Я, наверное, до смерти надоедала Летиции своей глупостью после той жизни, которую она вела в Нью-Йорке, Европе и прочих местах, но она никогда этого не давала почувствовать. У неё была такая особенность: когда она рассказывала о своей жизни или показывала платья и украшения, как эго делают все девушки, она словно включала и меня в свою жизнь, а не заставляла ощущать, что это не для меня и не про меня. Из всех памяток её прошлой жизни меня больше всего восхищал её туалетный стол. Боже ты мой, он был чуть не в десять футов длиной — его соорудили по заказу Бреда и поставили в той большой угловой ванной на северной стороне, — и на нём стоял миллион баночек, флакончиков, пульверизаторов и коробочек. В нём был ящик, где лежало, клянусь вам, не меньше сорока губных помад! Всё было золотое, блестящее. Духи, о которых я никогда не слышала. Кремы, пудра, лосьон, специально для неё приготовленные в Париже с её инициалами.

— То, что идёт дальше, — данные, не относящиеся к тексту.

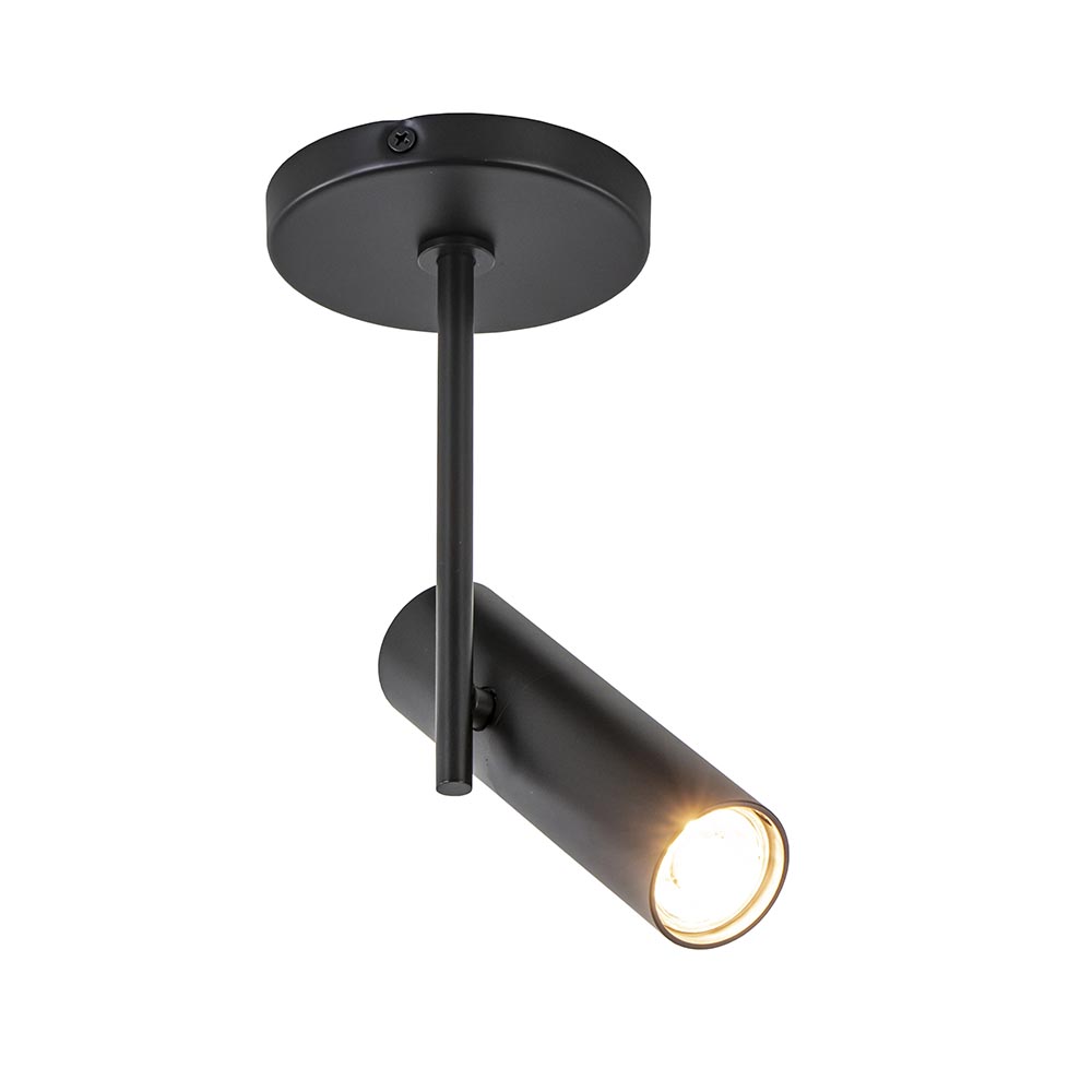 Een mooie opbouwspot met een hoog design gehalte. De 1-lichts plafondspot heeft een smal design wat zorgt voor een moderne look. De cilinder-vormige kap kan worden versteld door deze te draaien en/of te kantelen. Ideaal voor het uitlichten van een donkere hoek of object. De moderne opbouwspot is gemaakt van metaal en uitgevoerd in het mat zwart. De cilinder kan worden opengedraaid zodat de lichtbron gemakkelijk kan worden geplaatst.

За этим столом она проводила целые часы, что-то с собой делая. Хочет побаловать Бреда, говорила она. А я сидела рядом и приглядывалась, пока она не была готова появиться перед ним: вокруг глаз фиолетовые тени, ресницы намазаны тушью и губы такого оттенка, какого я никогда и не видела, — призрачно-розового или алого. Потом она выходила к нему, и Бред отпускал дурацкую шутку, подражая французскому акценту: «За одну ночь с вами, мамзель, отдам всё своё состояние, а утром застрелюсь!» А как-то раз, не говоря ни слова, слез с качалки, подошёл к ней и больно укусил её в плечо. Она взвизгнула и ударила его по щеке. Он даже лица не отдёрнул. Так и стоял, скалясь уверенно, по-мужски, и смотрел, как она трёт укушенное плечо, там остался след, два полукружья, которые уже синели — у неё была нежная кожа, — она тёрла это место и смотрела на него как-то сонно, не отрываясь.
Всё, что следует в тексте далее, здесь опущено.